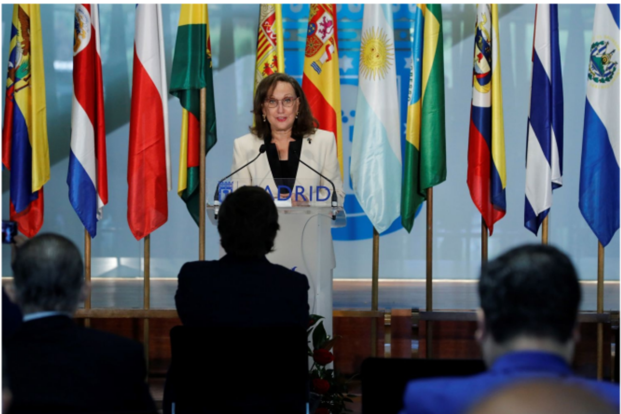
La secretaria general iberoamericana, el viernes pasado en Madrid.

La secretaria general Iberoamericana pide poner al continente “en el centro” de la agenda de los organismos internacionales para impulsar la recuperación de la peor crisis desde que hay registros
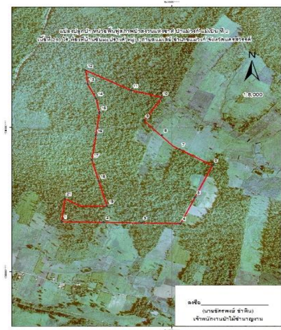
ภาพถ่ายทางอากาศ
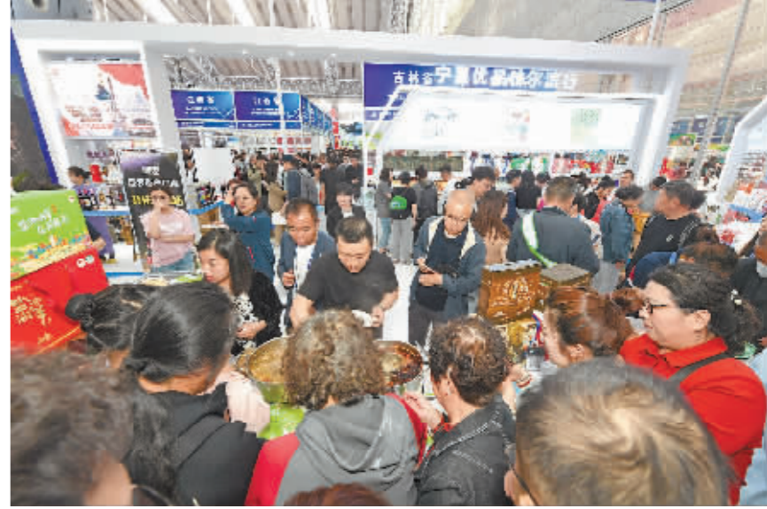
逛展者在宁夏回族自治区展区内免费品尝羊肉。
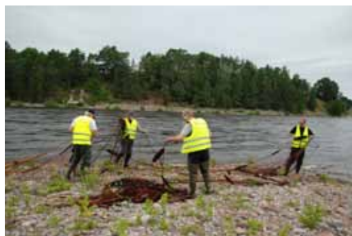
Notdragning vid Sandstugorna
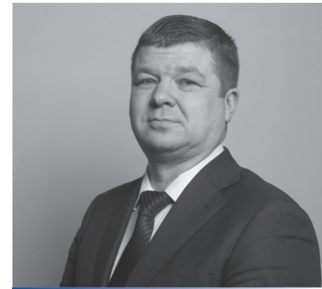
ЗЕЛЕНКИН Игорь, заместитель министра Министерства промышленности и науки Свердловской области
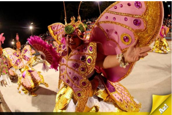
Figura 6. Desfile da Coroa imperial 2014, ala das baianas, feita a partir do reaproveitamento de materiais de carnavais anteriores
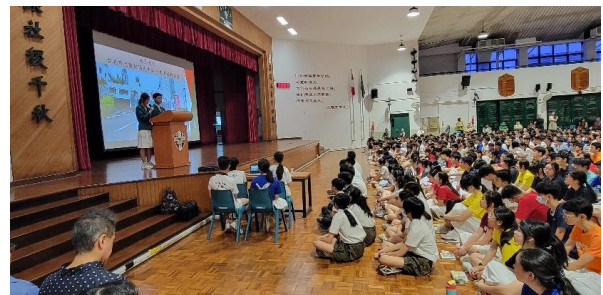
參加聖公會中學晨會活動
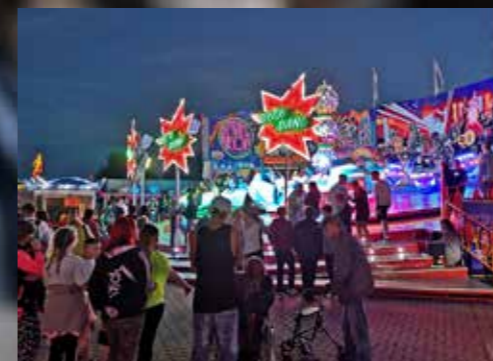
Treffen der Generationen auf dem Schützenplatz

Tickets gibt es im Vorverkauf in der Markt-Apotheke, Marktstraße 7, oder an der Abendkasse.
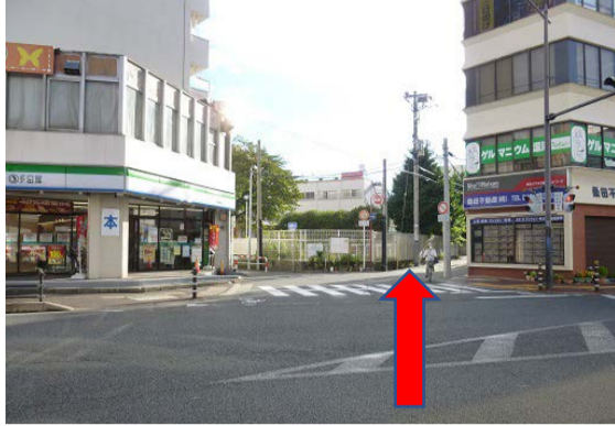
②吉野家の前の信号を不動産屋とファミリーマートの間の道に直進してください。

++++++++

• _Exercise prompt_
Return word for word the lines of the listing above, starting at the line with "逛展者在宁夏回族自治区展区内免费品尝羊肉。" and ending at the line with "ЗЕЛЕНКИН Игорь, заместитель", both included. Pictures do not belong in the copy.

• _Solution to this task_
逛展者在宁夏回族自治区展区内免费品尝羊肉。
Notdragning vid Sandstugorna
ЗЕЛЕНКИН Игорь, заместитель министра Министерства промышленности и науки Свердловской области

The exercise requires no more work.